Hrvatski Telekom Prva liga
- Season: 2020–21
- Dates: 14 August 2020 – 22 May 2021
- Champions: Dinamo Zagreb
- Relegated: Varaždin
- Champions League: Dinamo Zagreb
- Europa Conference League: Osijek Rijeka Hajduk Split
- Matches: 180
- Goals: 456 (2.53 per match)
- Top goalscorer: Ramón Miérez (22)
- Biggest home win: Dinamo Zagreb 6–0 Lokomotiva
- Biggest away win: Varaždin 0–5 Dinamo Zagreb
- Highest scoring: Gorica 3–4 Dinamo Zagreb Gorica 3–4 Rijeka

= 2020–21 Croatian First Football League =

The 2020–21 Croatian First Football League (officially Hrvatski Telekom Prva liga for sponsorship reasons) was the 30th season of the Croatian First Football League, the top national championship for men's association football teams in Croatia, since its establishment in 1992. The season started on 14 August 2020 and finished on 22 May 2021.

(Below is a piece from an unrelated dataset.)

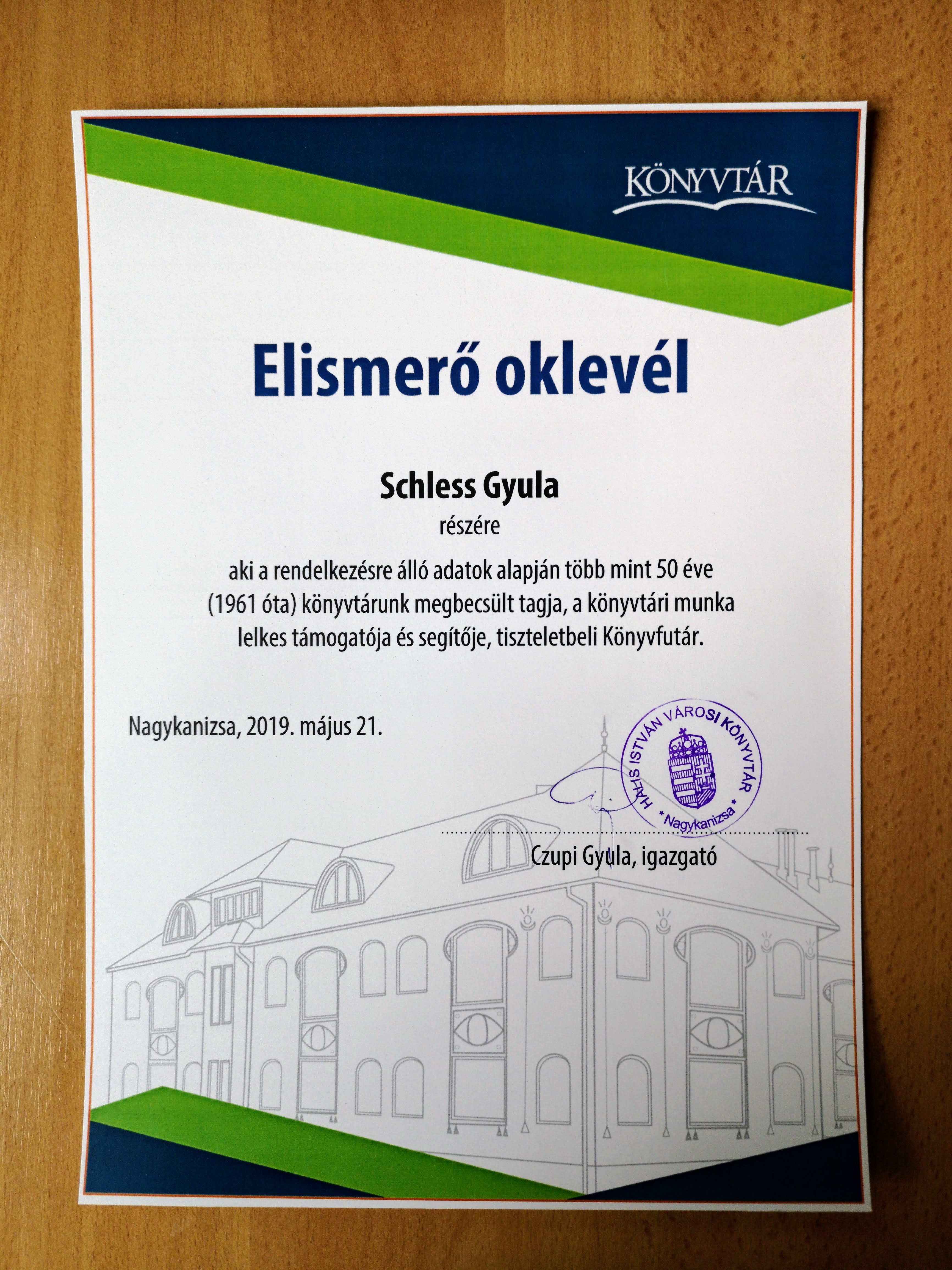 2019.05.22. Schless Gyula oklevél átadás

The season began with games being played behind closed doors due to the COVID-19 pandemic.

==Teams==
On 20 May 2020, Croatian Football Federation announced that the first stage of licensing procedure for 2020–21 season was complete. For the 2020–21 Prva HNL, ten clubs were issued a top level license: Dinamo Zagreb, Gorica, Hajduk Split, Istra 1961, Lokomotiva, Osijek, Rijeka, Slaven Belupo, Šibenik and Varaždin. All of these clubs except Šibenik and Varaždin were also issued a license for participating in UEFA competitions. In the second stage of licensing, clubs that were not licensed in the first stage could appeal on the decision. On 17 June 2020, Croatian Football Federation announced that the licensing procedure for 2020–21 season was complete. Inter Zaprešić and Orijent 1919 were also issued a top level license after appeal process.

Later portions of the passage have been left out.